• [PROVIDED DATA]
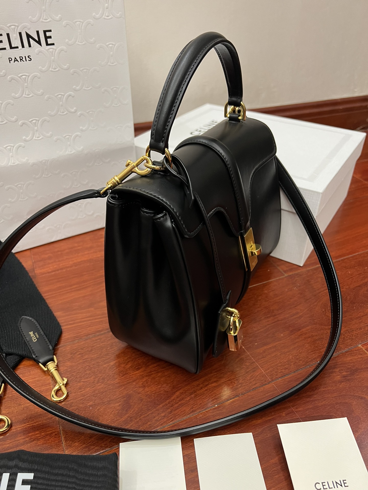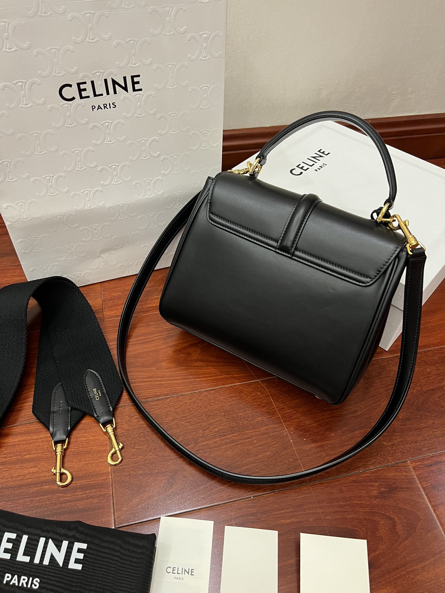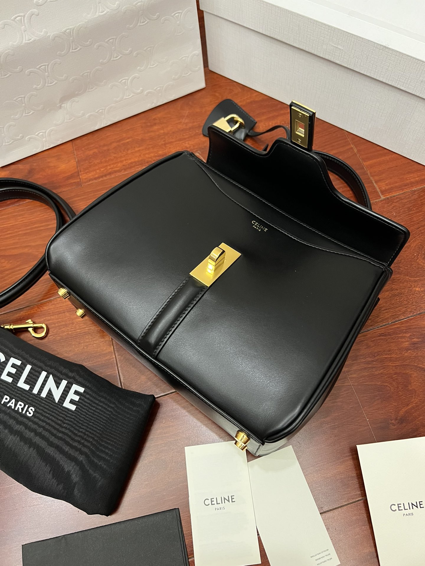 Celine Classic STRAP “16” Handbag Material: Outer and inner calfskin leather, with a soft lambskin lining Size: Small size (23 x 19 x 10.5 cm) Model Number: 183
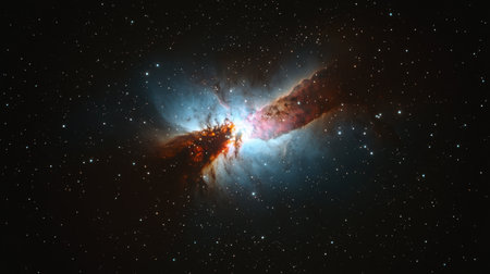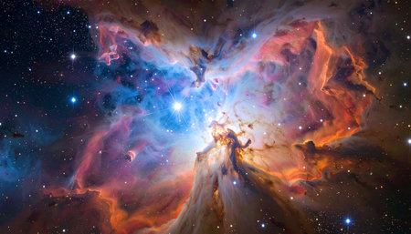 A vibrant nebula glows in the night sky with shades of blue, orange, and red, revealing cosmic beauty.
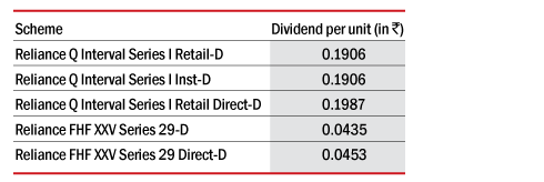 The fund house also announced dividend under the dividend option of Reliance FHF XXIII Series 6 Direct-D and Reliance Dual Advantage FTF I Plan I-D.
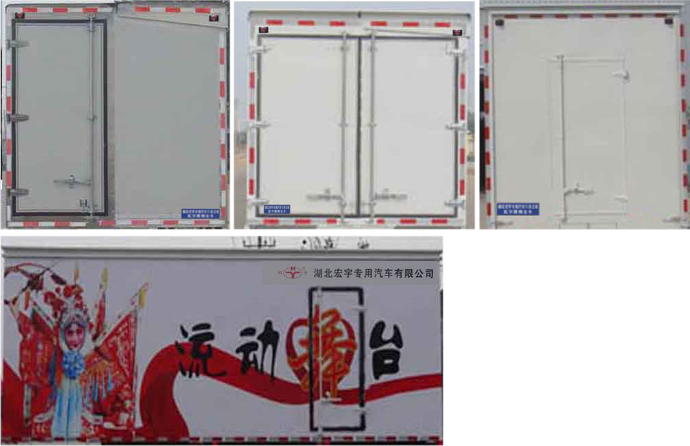 随底盘选装驾驶室,导流罩为选装件,选装后部门结构样式,选装厢体侧面开门样式。车厢顶棚封闭,并采用衍架结构,可升降,车厢两侧板可展开,与顶棚形成整车舞台顶棚;活动舞台板可折叠于车厢内,通过展开装置展后与固定舞台台面形成整车舞台台面;底盘大梁部分设有支撑装置。ABS型号/厂家为VIE ABS-Ⅱ/浙江万安科技股份有限公司,选装ABS型号/厂家:CM4XL-4S/4M /广州瑞立科密汽车电子股份有限公司。侧防护采用冷弯型钢/Q235-B,焊接连接,后防护采用冷弯型钢/Q235-B,焊接连接,后防护截面高度尺寸100mm,截面宽度尺寸50mm,下边缘离地高度480mm。该车作为流动演出的、可展开成为舞台。 |
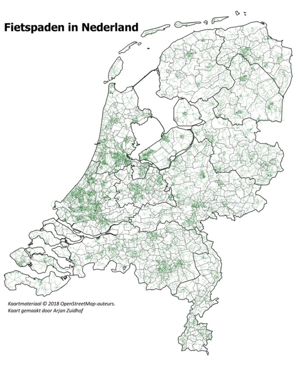 Alle losliggende fietspaden in Nederland. Het lijkt veel tot je inzoomt en ziet dat je in de praktijk toch vooral op en naast het onderliggende wegennet zult fietsen:
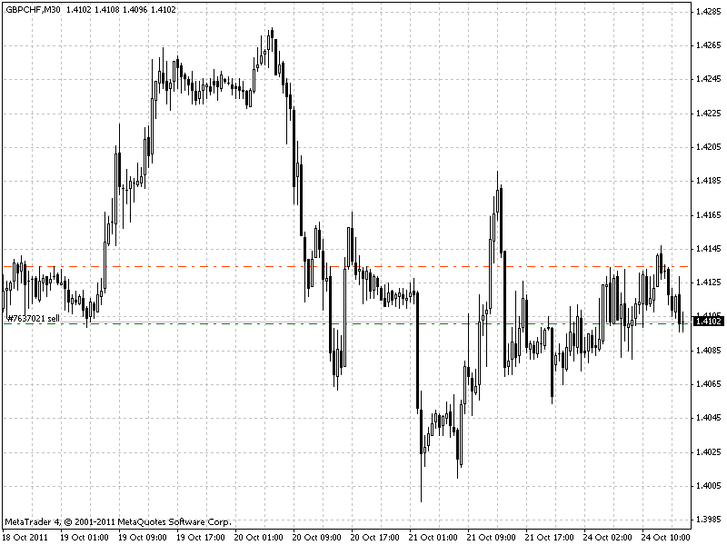 W chwilę po obniżeniu zlecenia obronnego zostało ono zrealizowane po szybkim impulsie wzrostowym.Data i godzina zamknięcia pozycji: 25.10.2011, 7:58
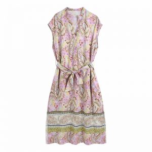 Summer Women Placement Print V Neck Sashes Side Slit Midi Dress Female Raglan Sleeve Clothes Casual Lady Loose Vestido D8151
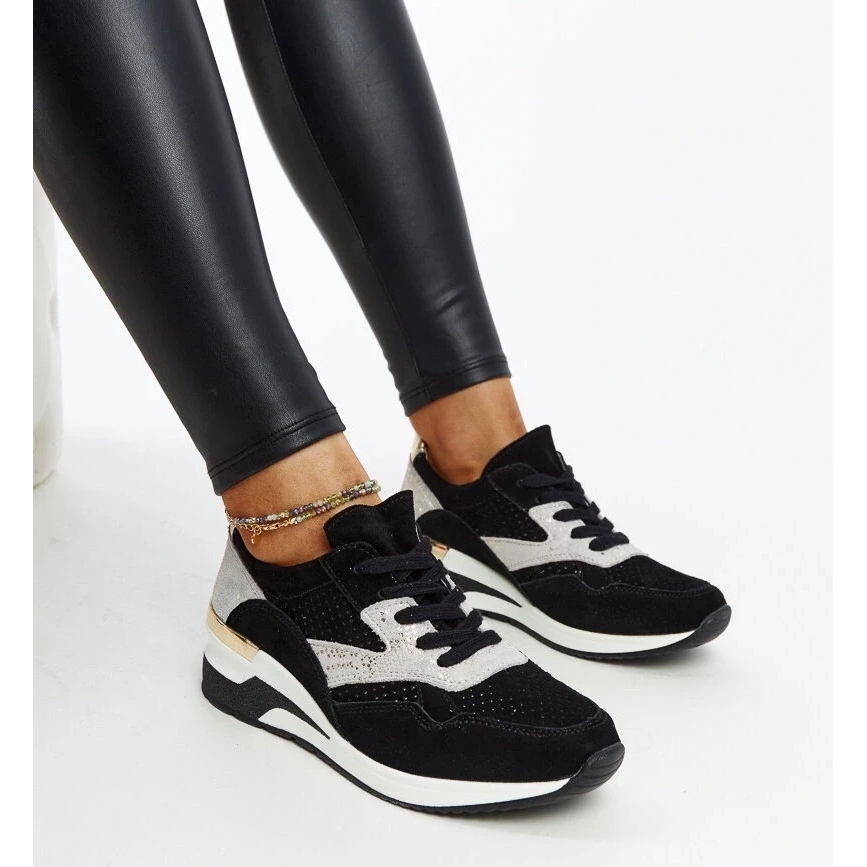 Die Keilhöhe von 11,5 cm ermöglicht eine komfortable Erhöhung der Figur, ohne den Komfort von Sportschuhen aufzugeben. Manfrin -Turnschuhe sind in einer eleganten schwarzen Farbe erhältlich, die perfekt zu verschiedenen Stilisationen passt.
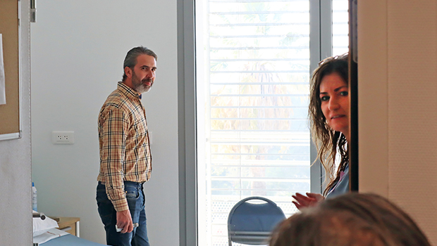 Thierry (en second plan), accompagné par l’association, dans sa chambre de l’hôpital. Au premier plan, Christelle Le Guen, cadre de santé chez Promo Soins UDV Toulon Métropole.
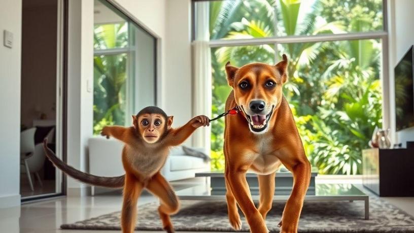 Macaco invade casa em Bertioga e é perseguido por um cão de luxo no Brasil
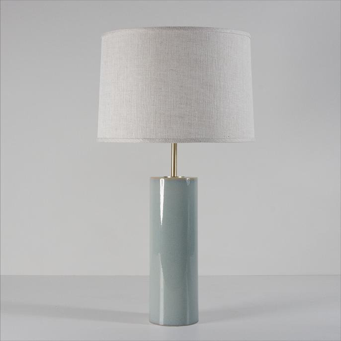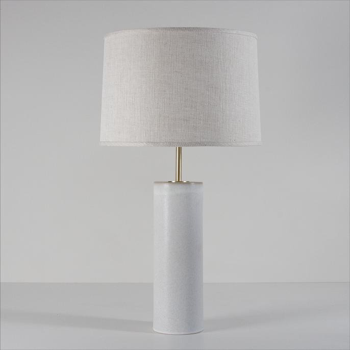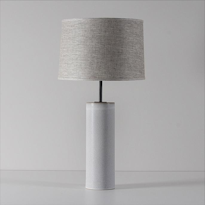 Handcrafted stoneware lamp body available in Fossil Gray, Pigeon, White Quartz, Charcoal, Obsidian and in our hand-carved Canyon finish. The Hancock table lamp is available with hand finished blackened brass or satin brass hardware. Lampshades are 100% natural linen in cream or natural.

• [TASK INSTRUCTIONS] For this exercise, the lines from the one containing "Thierry (en second" through the last line of the entries above are to be output exactly, both included, and pictures are skipped.

• [TASK OUTPUT]
 Thierry (en second plan), accompagné par l’association, dans sa chambre de l’hôpital. Au premier plan, Christelle Le Guen, cadre de santé chez Promo Soins UDV Toulon Métropole.
 Macaco invade casa em Bertioga e é perseguido por um cão de luxo no Brasil
 Handcrafted stoneware lamp body available in Fossil Gray, Pigeon, White Quartz, Charcoal, Obsidian and in our hand-carved Canyon finish. The Hancock table lamp is available with hand finished blackened brass or satin brass hardware. Lampshades are 100% natural linen in cream or natural.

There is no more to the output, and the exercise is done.